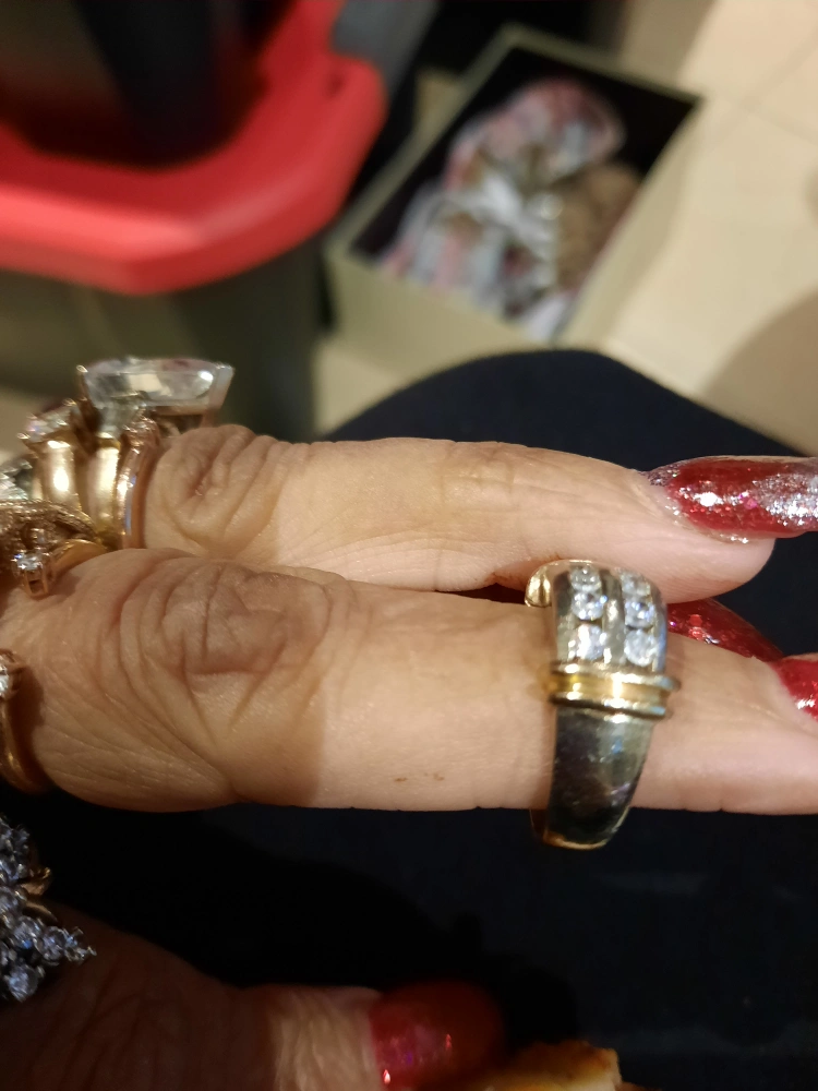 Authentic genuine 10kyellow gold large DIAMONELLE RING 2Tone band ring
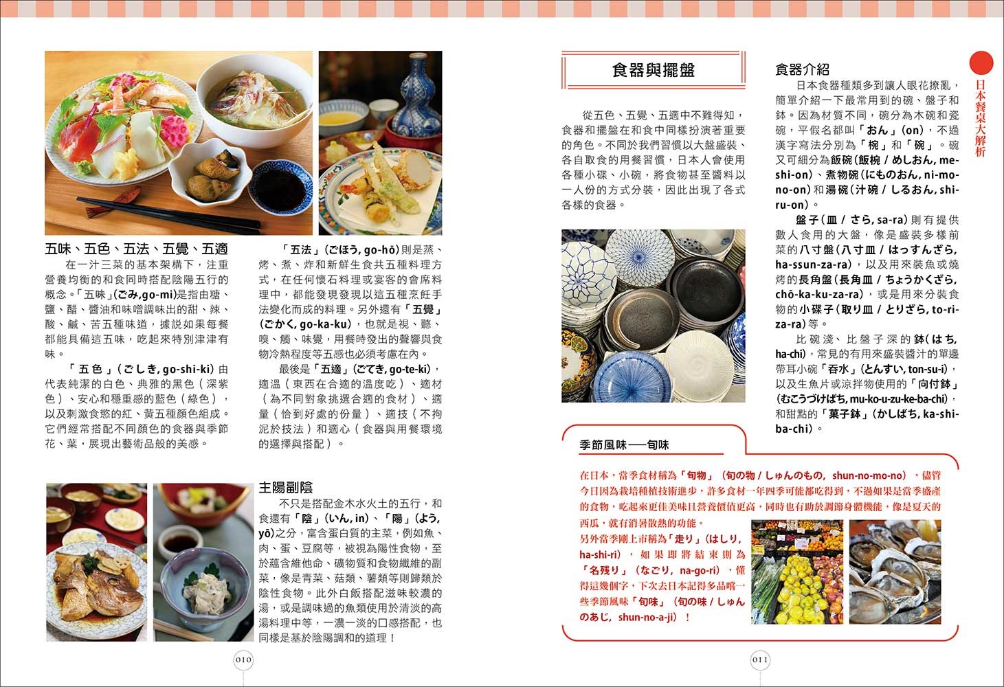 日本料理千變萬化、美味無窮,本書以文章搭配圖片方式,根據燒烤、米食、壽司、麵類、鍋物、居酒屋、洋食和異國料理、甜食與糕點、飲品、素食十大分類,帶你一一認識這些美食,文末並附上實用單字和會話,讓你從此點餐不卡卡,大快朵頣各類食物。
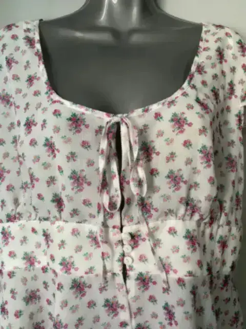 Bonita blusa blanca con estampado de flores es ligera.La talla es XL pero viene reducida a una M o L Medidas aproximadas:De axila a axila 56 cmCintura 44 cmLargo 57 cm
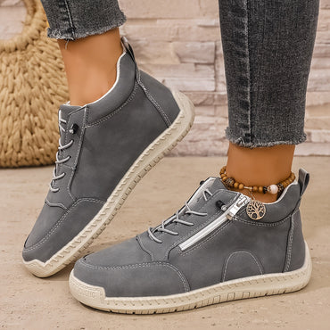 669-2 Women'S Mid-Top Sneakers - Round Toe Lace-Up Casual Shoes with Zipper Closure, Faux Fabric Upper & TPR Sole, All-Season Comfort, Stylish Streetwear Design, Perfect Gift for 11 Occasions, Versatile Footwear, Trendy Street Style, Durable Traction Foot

**WORK TASK**
Every line of the material must be returned verbatim, and pictures must be left behind.

**WRITTEN ANSWER**
 Authentic genuine 10kyellow gold large DIAMONELLE RING 2Tone band ring
 日本料理千變萬化、美味無窮,本書以文章搭配圖片方式,根據燒烤、米食、壽司、麵類、鍋物、居酒屋、洋食和異國料理、甜食與糕點、飲品、素食十大分類,帶你一一認識這些美食,文末並附上實用單字和會話,讓你從此點餐不卡卡,大快朵頣各類食物。
 Bonita blusa blanca con estampado de flores es ligera.La talla es XL pero viene reducida a una M o L Medidas aproximadas:De axila a axila 56 cmCintura 44 cmLargo 57 cm
 669-2 Women'S Mid-Top Sneakers - Round Toe Lace-Up Casual Shoes with Zipper Closure, Faux Fabric Upper & TPR Sole, All-Season Comfort, Stylish Streetwear Design, Perfect Gift for 11 Occasions, Versatile Footwear, Trendy Street Style, Durable Traction Foot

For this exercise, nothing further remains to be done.